This was evident at London Pride when the organisers banned any UKIP voting gays from attending…the sheer nerve of it!  I’ll admit, I’ve taken the mickey out of UKippers, especially when one accused us of controlling the weather but really, to exclude all? No, at that point I realised the straight community was more accepting than we were.

Peter Thiel was hailed as a gay role model due to him being extremely successful, recently he was denounced as gay by the same publication because he supported Donald Trump in the U.S presidential elections, all because he didn’t think the same as the rest.
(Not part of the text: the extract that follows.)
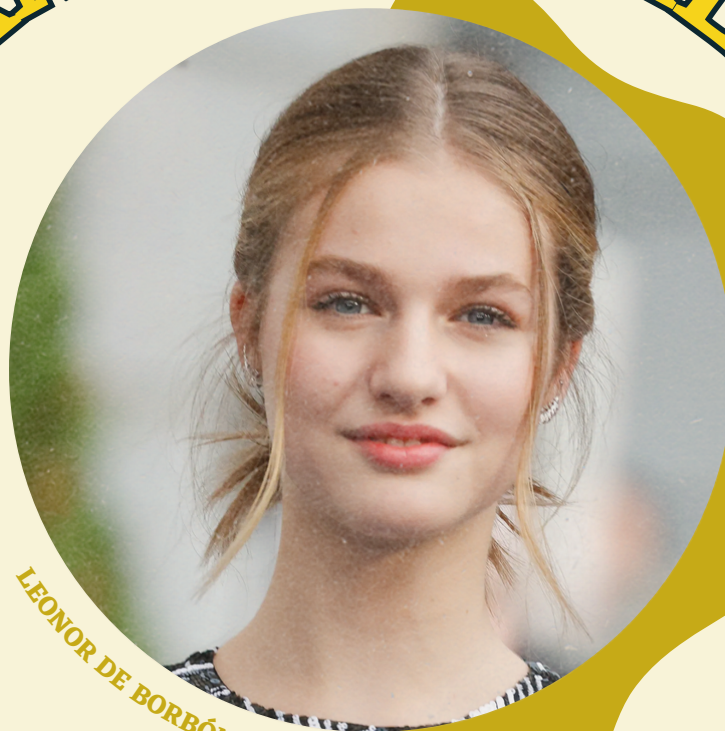
LEONOR DE BORBÓN Y ORTIZ

Felipe VI pertenece a la familia real española. Está casado con la reina consorte Letizia Ortiz Rocasolano (antigua periodista) desde 2004, y tienen dos hijas: la princesa Leonor, heredera al trono, y la infanta Sofía. La familia real desempeña un papel representativo en España y está involucrada en diversas actividades oficiales y ceremoniales.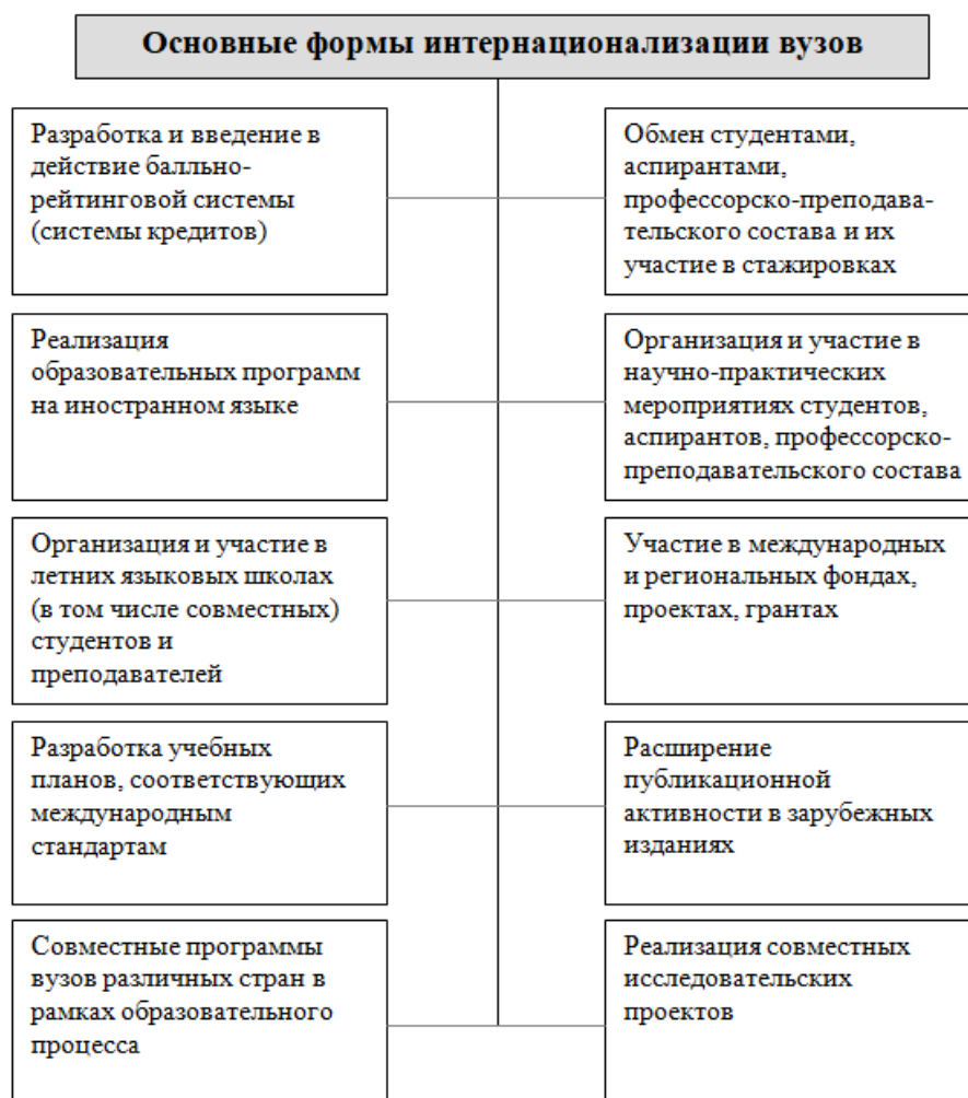
Рис. 2 – Основные формы интернационализации вузов 2

Основные формы интернационализации вузов, посредством которых она осуществляется, представлены на рис. 2.

I’d also like to note that it was a Tory Prime Minister that brought in gay marriage not a Labour one, the right don’t mind us being gay, most really don’t care, the important thing is that we are judged on who we are – not who we sleep with. We are judged on our abilities and don’t need special consideration just because we have the entire Bette Midler back catalogue.


2 thoughts on “Gay & Tory

  1. Once again I find myself non plussed at the apparent stereotyping of those of us on the left.When younger and more mobile I enjoyed performing in high level amateur musical theatre, and also rucking, mauling and scrummaging with a top Tyneside club. The theatre dressing room featured some gay guys in the cast, who were as tough as old rugby boots,when it came to the more physical side of performing eg “West Side Story”, “Guys and Dolls”; I enjoyed their banter, their company and respected their singing and acting talents;their politics was irrelevant to me. The rugby dressing room was to be frank,on some occasions, a place where Trump style sexism occasionally thrived, not least when we discovered that one of the more mature in years opposition players was the father of a recent “Mayfair Maid”, but then am I guilty of stereotyping rugby players? Given that one of the most decent, Christian ( as opposed to a “churchgoer”) men that I ever met, partnered me in the second row of the scrum for a season, cannot recall ever being concerned about his politics…

  2. This is a very honest piece and I applaud the author, Jon. What was sad with the Elliot Johnson bullying scandal was how the Tory Party were portrayed as gay-bashers. I know that is not the case. In today’s world gays/transexuals/whoever should be welcomed by political parties. People like Eliot Johnson were let down by lacklustre governance. That needs improvement. But sexuality means nothing. If you’re effective politically you are effective politically. Period.